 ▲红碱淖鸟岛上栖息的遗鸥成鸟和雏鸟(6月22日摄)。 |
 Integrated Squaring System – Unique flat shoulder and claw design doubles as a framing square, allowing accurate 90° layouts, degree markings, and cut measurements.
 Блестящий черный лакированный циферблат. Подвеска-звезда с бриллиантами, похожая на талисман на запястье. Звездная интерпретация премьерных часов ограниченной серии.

--

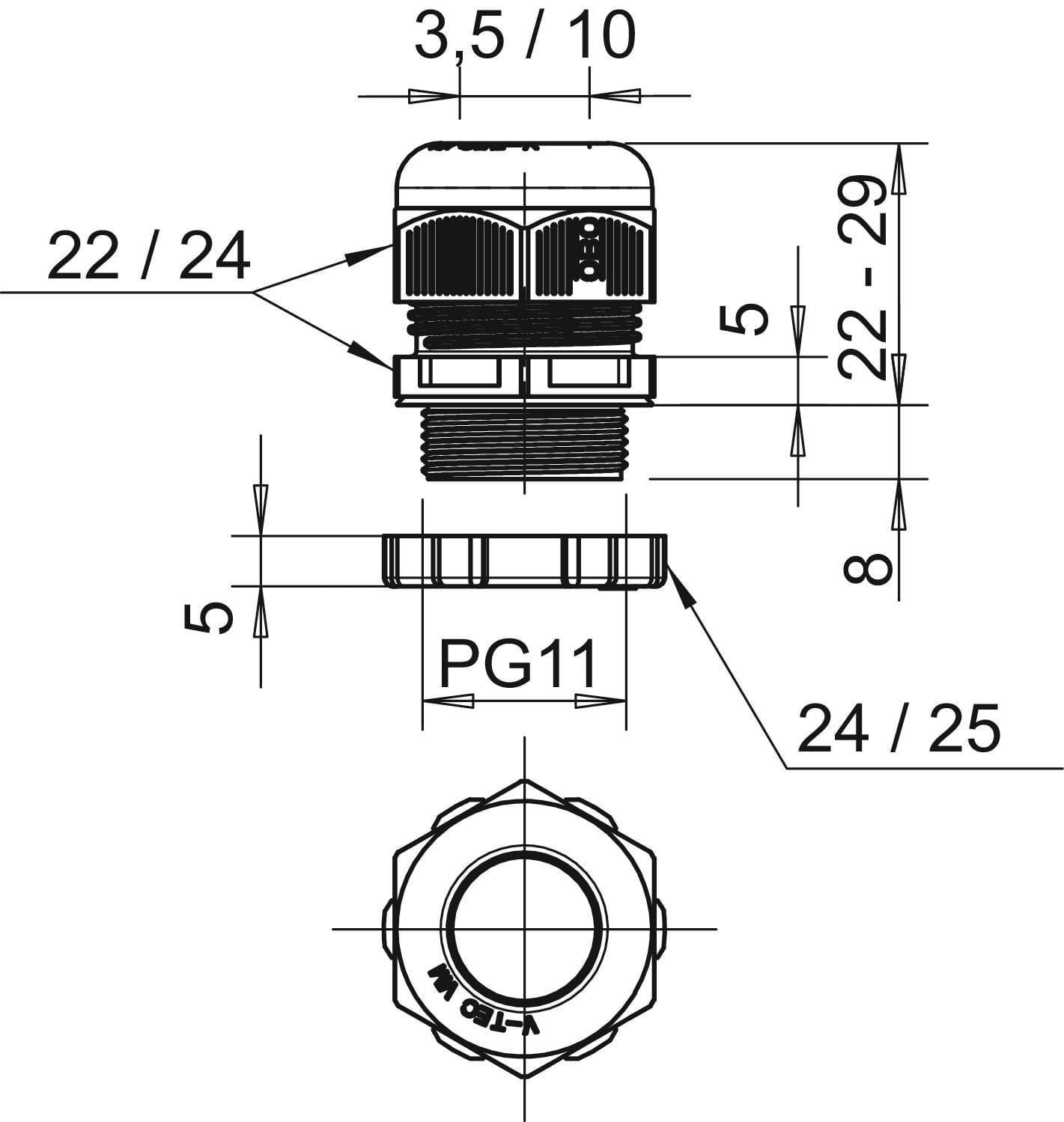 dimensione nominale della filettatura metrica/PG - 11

(TASK OBJECTIVE)
Using the entries above, output exactly the lines between the line holding "Integrated Squaring System" and the line holding "Блестящий черный лакированный", end lines included, and nothing more.

(RESPONSE)
 Integrated Squaring System – Unique flat shoulder and claw design doubles as a framing square, allowing accurate 90° layouts, degree markings, and cut measurements.
 Блестящий черный лакированный циферблат. Подвеска-звезда с бриллиантами, похожая на талисман на запястье. Звездная интерпретация премьерных часов ограниченной серии.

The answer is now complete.